J Bone Miner Res. 2008 May;23(5):705-14. doi: 10.1359/jbmr.071212.
The mechanism(s) by which sex steroids regulate bone turnover in humans are unclear, and recent studies have suggested that follicle-stimulating hormone (FSH) may play an important role in regulating bone resorption.
Fifty-nine men (median age, 69 yr) underwent suppression of sex steroids using a gonadotropin-releasing hormone (GnRH) agonist and aromatase blocker and were replaced with testosterone (T; 5 mg/d) and estradiol (E; 37.5 microg/d). After assessment of bone resorption markers (serum C-terminal telopeptide of type I collagen [CTX] and TRACP5b), they were randomized to sex steroid deficiency (-T, -E), E alone (-T, +E), T alone (+T, -E), or both (+T, +E) and restudied 3 wk later. Bone marrow aspirates were obtained to isolate osteoblastic, T, and monocytic cells using magnetic-activated cell sorting.

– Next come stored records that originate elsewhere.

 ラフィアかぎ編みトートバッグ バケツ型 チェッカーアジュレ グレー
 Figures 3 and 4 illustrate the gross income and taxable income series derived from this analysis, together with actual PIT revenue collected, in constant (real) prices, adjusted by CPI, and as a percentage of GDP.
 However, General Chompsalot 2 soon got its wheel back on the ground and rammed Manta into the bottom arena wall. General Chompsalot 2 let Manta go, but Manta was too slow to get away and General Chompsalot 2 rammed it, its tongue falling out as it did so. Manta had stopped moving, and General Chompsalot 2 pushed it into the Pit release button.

Serum CTX and TRACP5b increased significantly (by 71% and 15%, p < 0.01 and < 0.001, respectively) in the -T, -E group, and these increases occurred despite a 60% suppression of serum FSH levels (p < 0.001) caused by the GnRH agonist. There were significant E (but not T) effects on preventing increases in serum CTx and TRACP levels. There was a nonsignificant trend (p = 0.122) for E to suppress RANKL mRNA levels in bone marrow osteoblastic cells. Changes in mRNA levels for other cytokines (TNF-alpha, interleukin (IL)-1alpha, IL-1beta, IL-1ra, IFN-gamma) in bone marrow cells were not significant.

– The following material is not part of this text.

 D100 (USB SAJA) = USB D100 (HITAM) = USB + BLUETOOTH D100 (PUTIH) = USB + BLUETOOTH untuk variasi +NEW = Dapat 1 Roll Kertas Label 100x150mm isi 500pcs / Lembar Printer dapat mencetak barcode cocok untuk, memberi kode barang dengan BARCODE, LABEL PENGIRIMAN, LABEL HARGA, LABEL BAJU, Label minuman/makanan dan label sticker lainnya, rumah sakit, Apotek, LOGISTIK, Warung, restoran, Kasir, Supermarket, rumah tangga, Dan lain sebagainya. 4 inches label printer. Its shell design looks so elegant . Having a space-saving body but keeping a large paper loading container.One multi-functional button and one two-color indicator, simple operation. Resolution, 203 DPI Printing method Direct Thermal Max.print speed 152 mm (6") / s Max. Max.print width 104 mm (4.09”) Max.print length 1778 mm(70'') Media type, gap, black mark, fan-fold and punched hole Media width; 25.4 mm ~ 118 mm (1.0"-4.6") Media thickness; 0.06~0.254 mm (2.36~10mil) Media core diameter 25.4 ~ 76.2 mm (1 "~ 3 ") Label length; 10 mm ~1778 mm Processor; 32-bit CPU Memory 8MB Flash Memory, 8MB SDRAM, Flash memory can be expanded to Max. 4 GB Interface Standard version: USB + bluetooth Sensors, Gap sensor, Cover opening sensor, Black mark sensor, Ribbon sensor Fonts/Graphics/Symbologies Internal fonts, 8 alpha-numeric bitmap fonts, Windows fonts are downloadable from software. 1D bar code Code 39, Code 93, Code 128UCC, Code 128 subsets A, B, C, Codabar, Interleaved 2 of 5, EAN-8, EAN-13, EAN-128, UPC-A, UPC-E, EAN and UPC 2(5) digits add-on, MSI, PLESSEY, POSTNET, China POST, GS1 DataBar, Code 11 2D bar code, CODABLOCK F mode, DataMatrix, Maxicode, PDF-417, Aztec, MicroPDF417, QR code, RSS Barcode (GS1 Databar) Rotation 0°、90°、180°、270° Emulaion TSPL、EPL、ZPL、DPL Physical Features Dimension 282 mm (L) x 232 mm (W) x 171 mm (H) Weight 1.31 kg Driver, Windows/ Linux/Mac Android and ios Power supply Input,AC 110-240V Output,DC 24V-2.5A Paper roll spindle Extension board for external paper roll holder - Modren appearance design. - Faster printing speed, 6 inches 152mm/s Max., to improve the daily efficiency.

E has greater suppressive effects on bone resorption than T, and increased bone resorption after sex steroid deficiency can occur independently of changes in FSH secretion. E effects on bone resorption may be mediated by regulation of RANKL production by osteoblastic cells, although further studies using more highly purified cells may reduce the variability of the mRNA measurements and allow for clearer definition of the mediators of sex steroid action in vivo.
性类固醇调节人类骨转换的机制尚不清楚,最近的研究表明促卵泡激素(FSH)可能在调节骨吸收中起重要作用。
59名男性(中位年龄69岁)使用促性腺激素释放激素(GnRH)激动剂和芳香化酶抑制剂抑制性类固醇,并用睾酮(T;5mg/d)和雌二醇(E;37.5μg/d)进行替代。在评估骨吸收标志物(血清I型胶原C端肽[CTX]和TRACP5b)后,他们被随机分为性类固醇缺乏组(-T,-E)、单独使用E组(-T,+E)、单独使用T组(+T,-E)或两者皆用组(+T,+E),并在3周后重新进行研究。通过磁激活细胞分选获取骨髓抽吸物以分离成骨细胞、T细胞和单核细胞。
-T,-E组血清CTX和TRACP5b显著增加(分别增加71%和15%,p<0.01和<0.001),尽管GnRH激动剂导致血清FSH水平抑制了60%(p<0.001),但这些增加仍发生了。E(而非T)在预防血清CTX和TRACP水平升高方面有显著作用。E抑制骨髓成骨细胞中RANKL mRNA水平有不显著的趋势(p = 0.122)。骨髓细胞中其他细胞因子(TNF-α、白细胞介素(IL)-1α、IL-1β、IL-1ra、IFN-γ)的mRNA水平变化不显著。
E对骨吸收的抑制作用比T更强,性类固醇缺乏后骨吸收增加可能独立于FSH分泌的变化而发生。E对骨吸收的作用可能通过调节成骨细胞产生RANKL来介导,尽管使用更高纯度细胞的进一步研究可能会降低mRNA测量的变异性,并更清楚地定义体内性类固醇作用的介质。